Positive Control - Plus
read 1:  170018546
read 2:  170018546
orphan:  19394415

This is great news. It looks like I still have >100 million paired-end reads and >10 million orphaned reads are left per sample after subsampling. I’ll post some rarefaction curves when I get them.

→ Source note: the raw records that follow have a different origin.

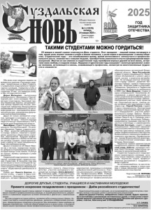 Газета основана 21 марта 1918 г. № 5 (12578) пятница, 24 января 2025 г. Общественно политическая газета 12+ Обо всем этом говорили недавно на внеурочных занятиях «Разговоры о важном», приуроченных ко Дню студента, в Суздальском индустриально-гуманитарном колледже. Наверняка учеба в этом колледже запомнится многим его студентам. И тем, кто завершил учебу, и тем, кто еще учится в нем. Дарья Жильцова – выпускница специальности «Экономика и бухгалтерский учет» этого колледжа. Она известная спортсменка, бронзовый призер Первенства Европы, четырехкратный призер Первенства России, многократный победитель Всероссийских соревнований по кикбоксингу. В настоящее время она – преподаватель физической культуры, руководитель физического воспитания колледжа. Дарья не только занимается спортом, преподает в колледже, но и учится дальше. Ее цель – получить высшее педагогическое образование в ВлГУ, опорном вузе Владимирской области. Иван Ивкин, студент 4 курса специальности «Гостиничное дело». Он активист Движения Первых, староста группы. Иван - волонтер добровольческого отряда «Забота», помогает в проведении различных общественно значимых мероприятий. Будущая профессия Ивану нравится, и выбор на нее пал не случайно. Суздаль- город туристический и работа по такой специальности будет востребована всегда. Друзья отзываются об Иване Ивкине как о честном, порядочном человеке, добром и отзывчивом верном друге, который всегда готов помочь. И учится он хорошо, являясь примером в учебе для многих. Суздальский индустриально-гуманитарный колледж может гордиться своими студентами. В прошлом году ряд из них вошел в число стипендиатов администрации Суздальского района, они стали лучшими в области образования, спорта, общественной деятельности и культуры. Среди них: Никита Карпов, отличник учебы, студент 2 курса специальности «Экономика и бухгалтерский учет», активист Движения Первых, ТАКИМИ СТУДЕНТАМИ МОЖНО ГОРДИТЬСЯ! 25 января в нашей стране отмечается День студента. Этот праздник – лишний повод поговорить о том, какую роль играют знания и учеба в жизни человека, о роли науки и просвещения в жизни общества. Студенческие годы – это незабываемое время, время интенсивного личностного и профессионального роста, знакомства с новыми людьми, приобретение жизненного опыта и формирования мировоззрения. Многие из нас именно в студенческие годы приобрели верных друзей на всю жизнь, встретили свою любовь и создали семью. Недаром студенческие годы называют «золотым временем» в жизни человека, вступающего в жизнь, осваивающего профессию, несмотря на многочисленные трудности и сложности. федерального проекта «Навигаторы детства», участник молодежного медиацентра колледжа; Алена Демьянова, отличница учебы, студентка 2 курса специальности «Экономика и бухгалтерский учет». Активный участник разных мероприятий, проводимых в колледже, добровольческой деятельности. Участник регионального конкурса «Мой бизнес. Профессионалы-2024». Победитель олимпиады по русскому языку среди обучающихся профессиональных образовательных организаций Владимирской области; Иван Российский, студент 2 курса специальности «Техническое обслуживание и ремонт двигателей, систем и агрегатов автомобилей». Он активный участник волонтерского отряда «Забота», движения «Волонтеры Победы», п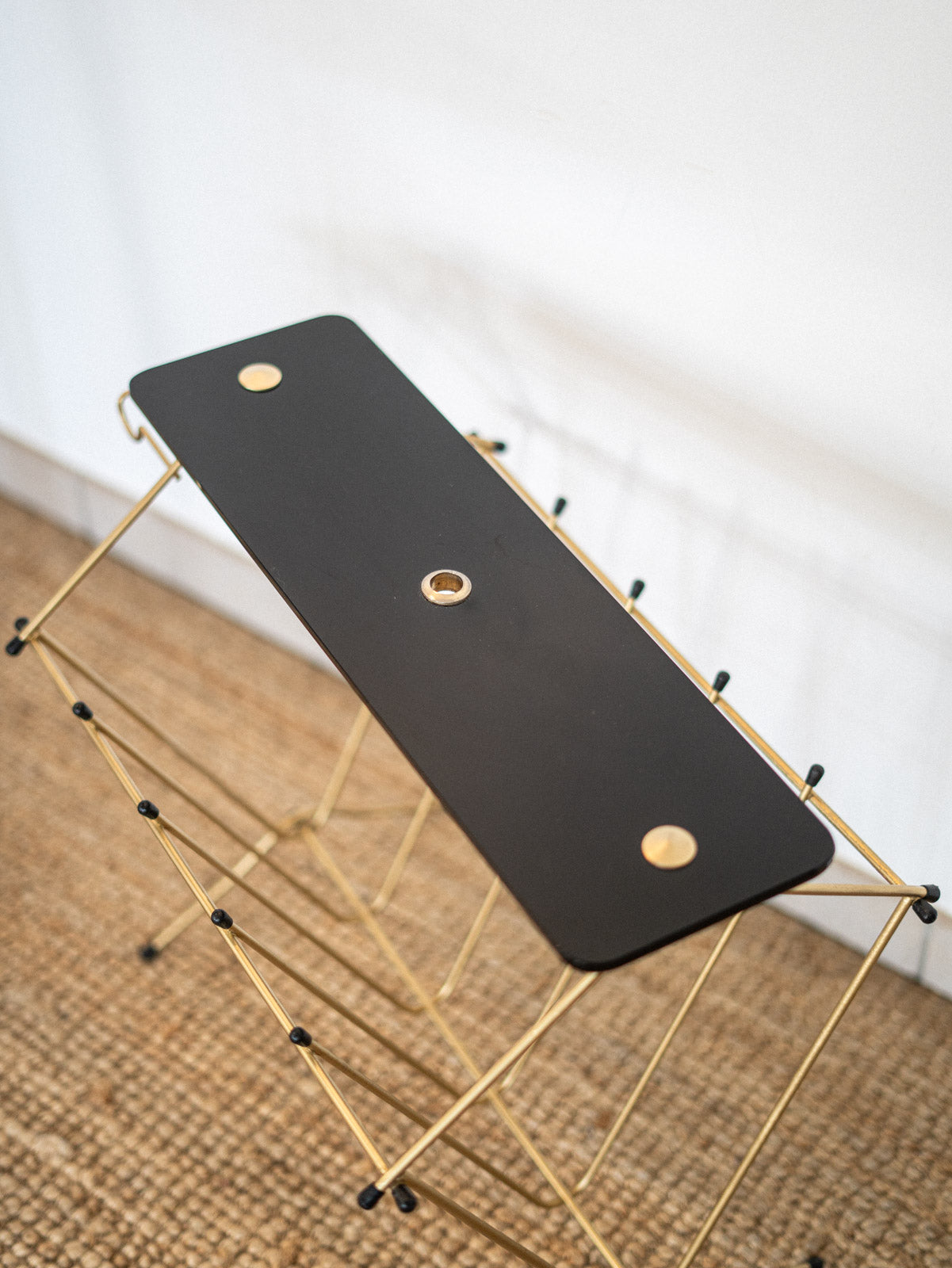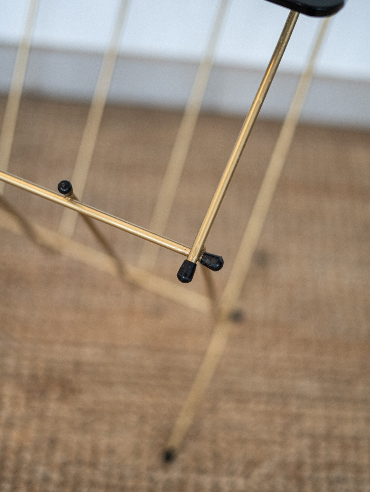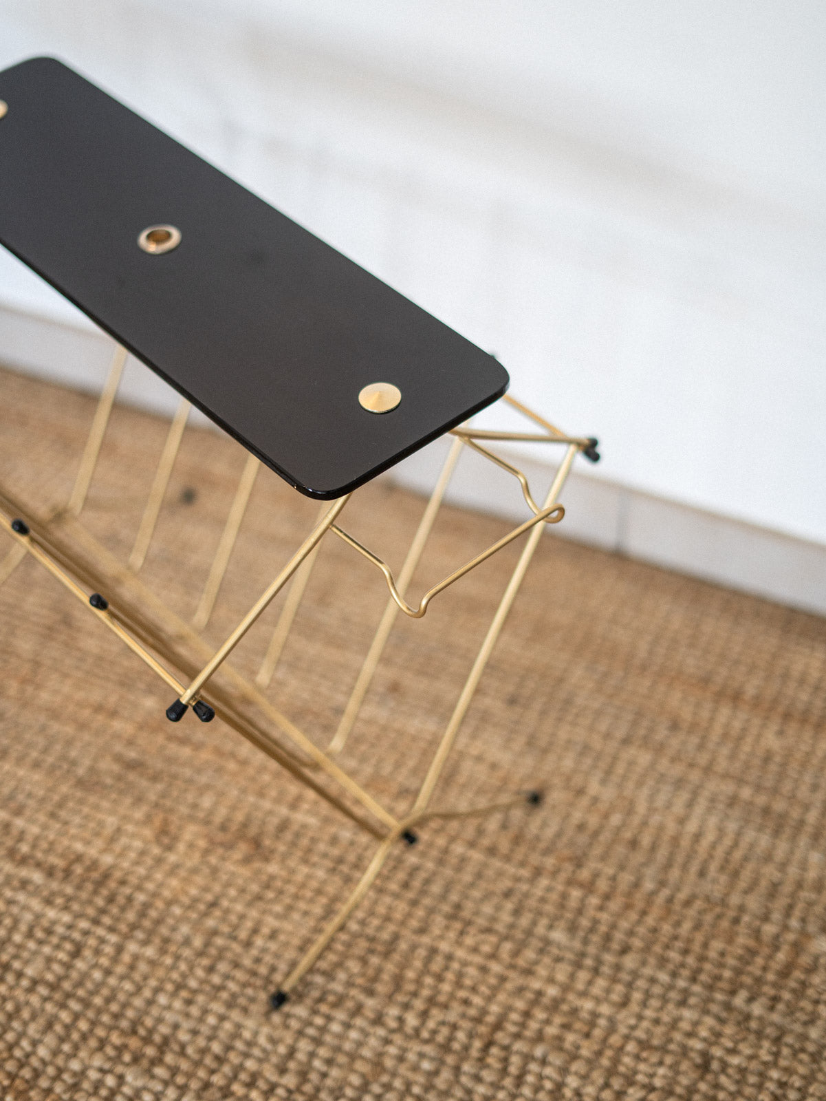 Ajoutez une touche de sophistication rétro à votre intérieur avec ce porte-revues des années 60. Sa structure en métal doré sublime une élégante tablette en verre noir, offrant un contraste chic et intemporel. Idéal pour organiser vos magazines tout en apportant du style à votre décoration, cet accessoire est à la fois pratique et esthétique. Un incontournable pour les amateurs de design vintage.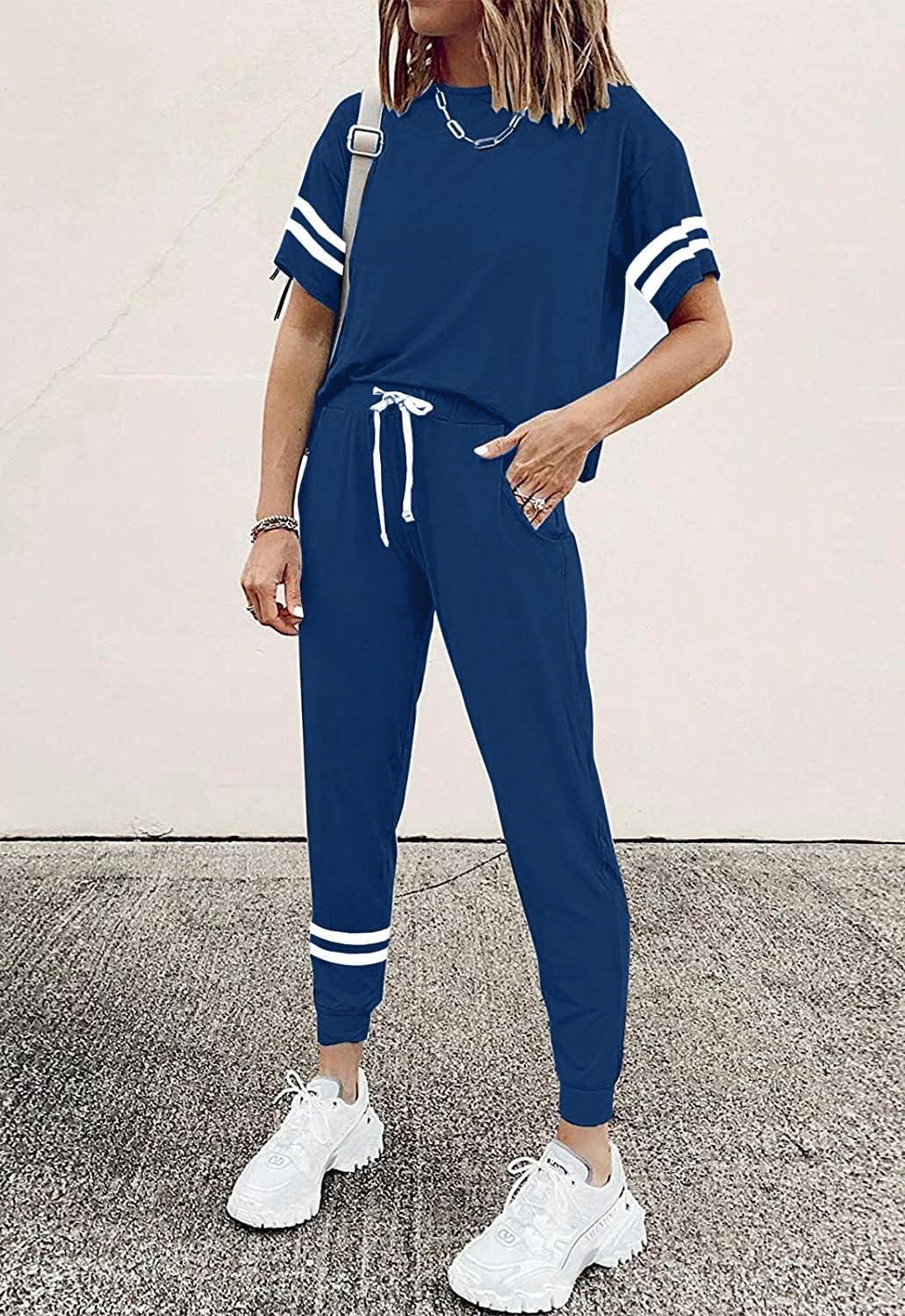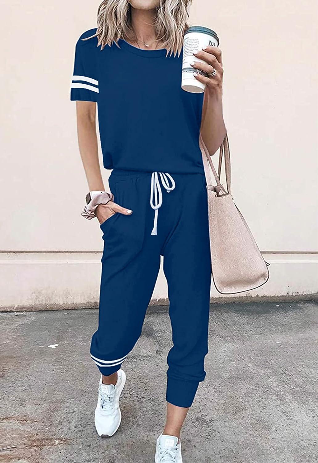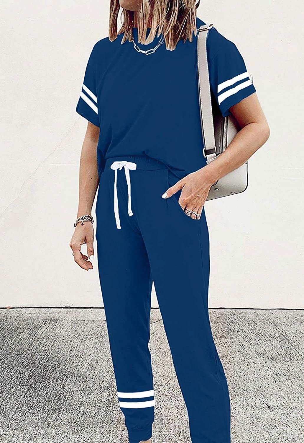 PRETTYGARDEN Women Summer Two Piece Outfits Striped Short Sleeve Pullover and Long Pants Tracksuit Travel Pajama Lounge Set(Dark Blue)

The awk commands I found are not working properly, so I wrote this python script to subsample both the interleaved pair-end and single-end reads. Make sure you install argparse before trying to use it though!

#!/usr/bin/env python
'''USAGE: subsample_fasta.py file.fasta --size n --total n' --pair y/n
Randomly subsamples a fasta file to the given size, handles both single and paired-end read data
'''

# It's important to know the correct number of sequences per file for this script to run properly,
# please run seq_stats.py prior to running subsample_fasta.py

import sys
import random
import argparse


parser = argparse.ArgumentParser(description='Subsample reads from a fasta file.')
parser.add_argument('newfile')
parser.add_argument('--size', default=0, help='Number of sequences to subsample (# of pairs for paired-end)')
parser.add_argument('--total', default=0, help='Total number of sequences in the fasta file')
parser.add_argument('--pair', default='n', help='Indicates if the file is interleaved, pired-end reads')
args = parser.parse_args()

if int(args.size) == 0 or int(args.total) == 0:
	print('ERROR: File or subsample value are of size 0')
	sys.exit()


# Check if the subsample is that same or larger than the total sequence count, and then
# generates a random list of positions to pick from fasta file
print 'Creating subsampling distribution...'

if args.pair == 'n':
	sample_list = range(1, int(args.total) + 1)
	if int(args.size) >= int(args.total):
		sample_list = set(sample_list)
		print 'Subsample size is greater than or equal to the total number of sequences.  Using all sequences.'
	else:
		sample_list = set(sorted(random.sample(sample_list, int(args.size) + 1)))
elif args.pair == 'y':
	sample_list = range(1, int(args.total) + 1, 2)
	if int(args.size) >= int(args.total):
		sample_list = set(sample_list)
		print 'Subsample size is greater than or equal to the total number of sequences.  Using all sequences.'
	else:
		sample_list_forward = sorted(random.sample(sample_list, int(args.size) + 1))
		sample_list_reverse = []
		for index in sample_list_forward: sample_list_reverse.append(index + 1)
		sample_list = set(sorted(sample_list_forward + sample_list_reverse))
elif args.pair not in ['y', 'n']:
	print('ERROR: Invalid input file type')
	sys.exit()


# Name and open output file
outfile_str = str(args.newfile).rstrip('fasta') + 'pick.fasta' 
outfile = open(outfile_str, 'w')

# Create logfile of subsampling
logfile_str = str(args.newfile).rstrip('fasta') + 'pick.log' 
logfile = open(logfile_str, 'w')

# Label the input as pe or se
if args.pair == 'y':
	file_type = 'Paired-end'
else:
	file_type = 'Single-end'

log_str = '''Input file name: {infile}
Input file type:  {type}
Output file name: {outfile}
Total sequences: {total}
Subsample size: {size}
'''.format(infile=str(args.newfile), type=file_type, outfile=outfile_str, total=str(args.total), size=str(int(args.size)))
logfile.write(log_str)
logfile.close()

# Open and begin looping through fasta file and picking sequences
print 'Writing subsampled fasta file...'
with open(args.newfile, 'r') as infile:

	outfile = open(outfile_str, 'w')

	seq_count = 0
	include = 0
	iteration = 0
	pair_include = 0

	for line in infile:
	
		line = line.strip()
	
		if line[0] == '>':
			
			include = 0
			seq_count += 1
			iteration += 1
			
			if iteration == 10000:
				iteration = 0
				progress_str = str(seq_count) + ' of ' + str(args.total)
				print(progress_str)

			if seq_count in sample_list:
				sample_list.discard(seq_count)
				outfile.write(line)
				outfile.write('\n')
				include = 1
				continue
				
		elif line[0] != '>' and include == 1: 
			outfile.write(line)
			outfile.write('\n')
			continue
				
	
outfile.close()			
print 'Done.'

I streamlined the process as much as possible by making it only necessary to loop through the large fastas a single time. It also prints a logfile so you can remember what the heck you did in a month.

After all of the filtering and tweaking the subsampling algorithm, the jobs are finally running. As soon as they finish, I’ll map the residual reads to the C. difficile 630 genome and get some useable data.